Cut to the apartment, after the fitting. Isabel and Sophie have had non-alcoholic drinks. At last, they talk honestly—at least Sophie does. She has not had a drink since that night in the Rue de Lappe—clearly Larry went back for her immediately after he left the others. She admits what a struggle it is and says that she realizes that this is her last chance. She knew that Isabel was watching her at the Ritz. Isabel pours herself some Persovka and again praises it. She shows Sophie pictures of her children, which stirs memories of Linda. Then she asks Sophie to wait while she picks up her daughter from the dentist. They can talk more when she comes back. The butler removes the drinks tray; Isabel stares at the bottle of Persovka on the side table and then walks out. After a while, Sophie takes multiple drinks.

Larry scours the bars and dives, following the trail of a woman demanding Persovka until he tracks Sophie to an opium den.

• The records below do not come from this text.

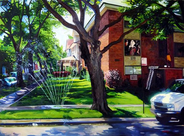 “Inspired by the urban landscape of Chicago, I paint vacant lots, El tracks, neighborhood houses, fast food restaurants, and construction sites. These ordinary scenes share a strong sense of locality but also belong to a larger American landscape and culture. Painting is an active practice for me, an exploration of beauty and resonance in daily life.”
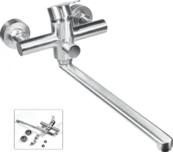 CMYBABEE Küchenarmatur Wannenarmatur Badarmatur, Wandmischbatterie, Wanneneinlauf 34 Cm Lang Mit Umstellventil, Duschbatterie, Einhebel-Brausebatterie Für Die Dusche Im Badezimmer, 304 Edelstahl
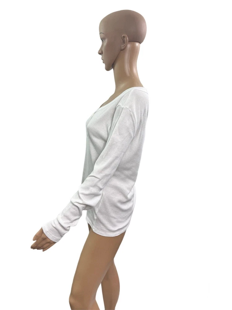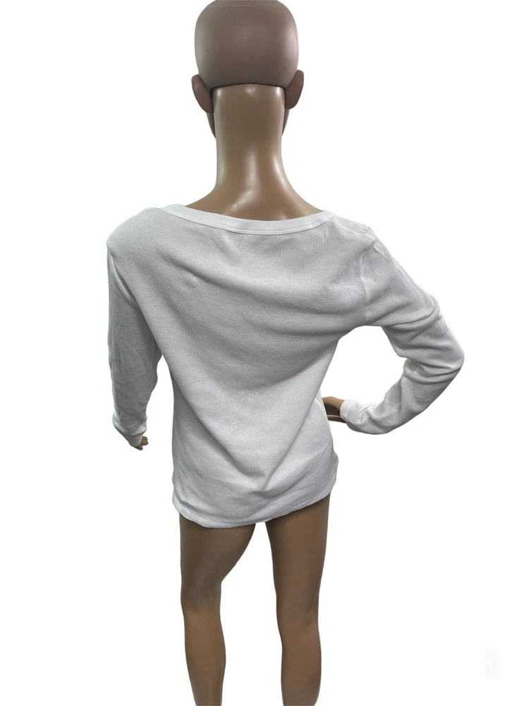 Gap Women’s Size Small Long Sleeve V Neck Solid White Waffle Knit Fitted Tee Armpit to armpit 18” Total Length 23” Measurements taken laying w Please look at all the pictures as they are part of my description Smoke free pet free home
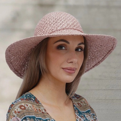 Krumlovanka dámský letní nemačkavý slamák Cloche melange 100% Paile natural P-12528 starorůžová
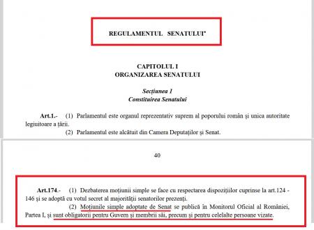 Potrivit articolului 174, alineatul 2, din Statutul Senatului României, „moțiunile simple adoptate de Senat se publică în Monitorul Oficial al României, Partea I, și sunt obligatorii pentru Guvern și membrii săi, precum și pentru celelalte persoane vizate” (VEZI FACSIMIL). Ei, bine, săptămâna aceasta, Senatul României a adoptat moțiunea simplă a Opoziției împotriva ministrului USR al Mediului, Diana Buzoianu. Hotărârea prin care se constată adoptarea moțiunii, inclusiv moțiunea în sine au fost publicate, la data de 15 decembrie 2025, în Monitorul Oficial al României nr. 1162/2025. Astfel încât a devenit obligatorie pentru premierul Ilie Bolojan, pentru membrii Guvernului condus de Ilie Bolojan și pentru celelalte persoane vizate de această moțiune.

Sophie runs away, screaming, and disappears. Larry is beaten and thrown into the street; his last attempt to save his childhood companion from her depravity and despair has proved fruitless. A year later, Sophie is murdered in Toulon, and her death reunites Larry and Maugham during the police investigation.

Maugham and Larry visit Elliott on his deathbed in Nice. Maugham takes on the delicate task of asking Elliott if he is ready for the last rites. Elliott is in tears because he has not received an invitation for an important masked ball hosted by Princess Edna Novemali, princess-by-marriage, an American from Milwaukee whom Elliott helped when she first entered European society and who now treats him with contempt. Isabel and Gray arrive just as Larry leaves the house on a mission of mercy. Elliott tells Gray that he will now have enough money to pay off his father's debts and rebuild the business.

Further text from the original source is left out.